▶ PROBLEM DETAILS
Give back each line of the data exactly as it reads, minus the pictures.

──────── RECORDED INFORMATION

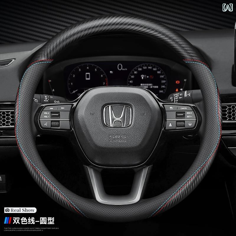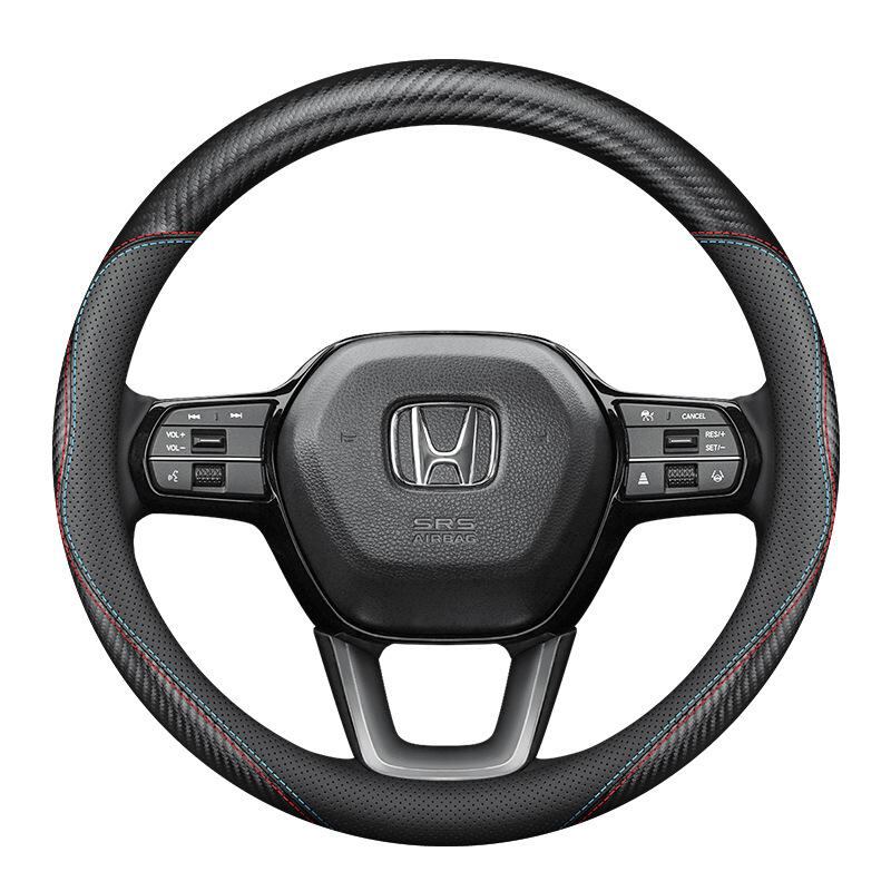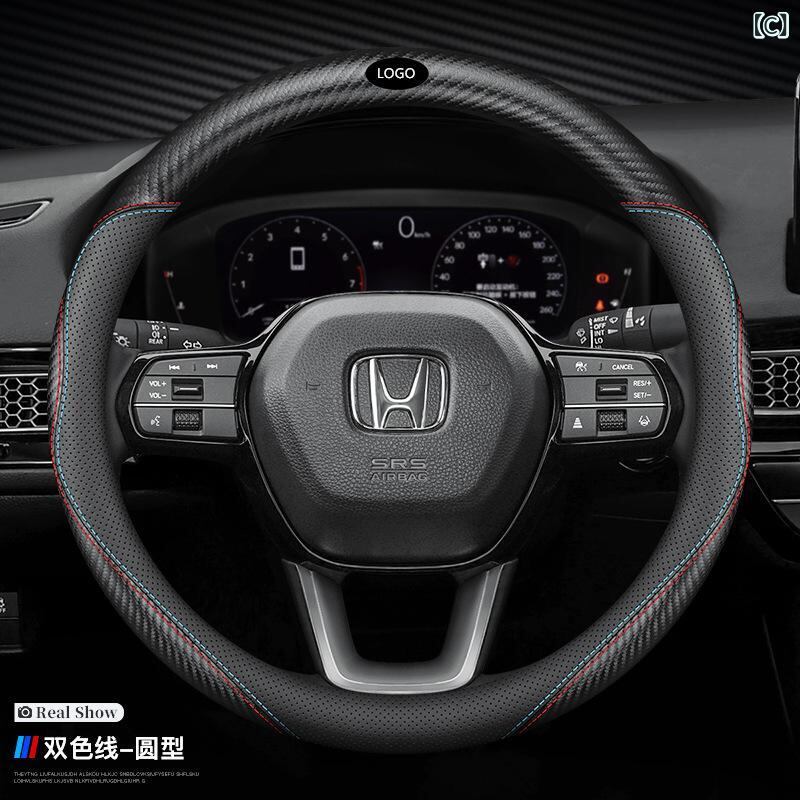 ハンドルカバー ホンダ アコード CR-V オデッセイ エリシオン ヴェゼル アヴァンシア ブリーズ カーボン調 ステアリングホイール用 ツートン スポーティー オールシーズン 車内ドレスアップ 38cm | lanui
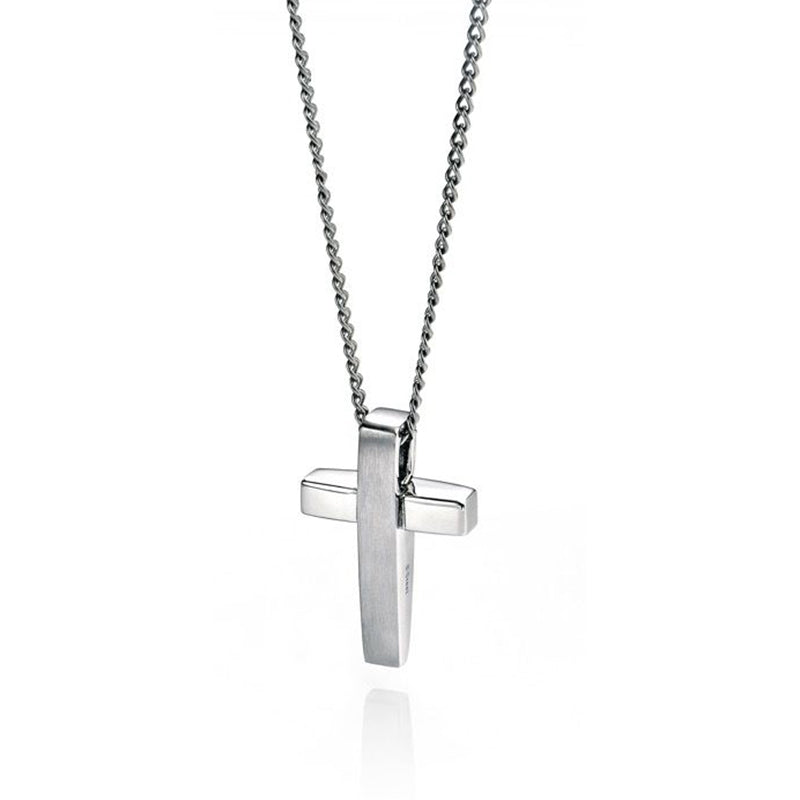 Crafted in stainless steel, this cross pendant features two different finishes of polished and satin. Make sure to pair with other stainless steel items to complete your look!
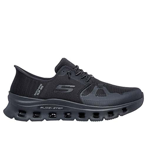 Smart Slip-ins Glide Step Pro sko med en overdel af striktekstil og syntet med en ikkejusterbar elastiksnøre. Med Skechers Hands Free Slip-ins-teknologien kan du nemt træde i skoen uden at bukke dig eller bruge dine hænder. Designet med en komfortabel Heel Pillow, som former sig efter din hæl og holder din fod sikkert på plads. Den polstrede Air-Cooled Memory Foam-indersål er komfortabel, og Glide-Step-mellemsålen er designet til at give naturlig momentum med hvert skridt. Ydersålen med gummibelægninger er stødabsorberende med et godt fodfæste. Kan maskinvaskes ved maks. 30 grader. Fremstillet af 100 % veganske materialer. Fås i visse halve størrelser.

────────────────

▶ ANSWER
 ハンドルカバー ホンダ アコード CR-V オデッセイ エリシオン ヴェゼル アヴァンシア ブリーズ カーボン調 ステアリングホイール用 ツートン スポーティー オールシーズン 車内ドレスアップ 38cm | lanui
 Crafted in stainless steel, this cross pendant features two different finishes of polished and satin. Make sure to pair with other stainless steel items to complete your look!
 Smart Slip-ins Glide Step Pro sko med en overdel af striktekstil og syntet med en ikkejusterbar elastiksnøre. Med Skechers Hands Free Slip-ins-teknologien kan du nemt træde i skoen uden at bukke dig eller bruge dine hænder. Designet med en komfortabel Heel Pillow, som former sig efter din hæl og holder din fod sikkert på plads. Den polstrede Air-Cooled Memory Foam-indersål er komfortabel, og Glide-Step-mellemsålen er designet til at give naturlig momentum med hvert skridt. Ydersålen med gummibelægninger er stødabsorberende med et godt fodfæste. Kan maskinvaskes ved maks. 30 grader. Fremstillet af 100 % veganske materialer. Fås i visse halve størrelser.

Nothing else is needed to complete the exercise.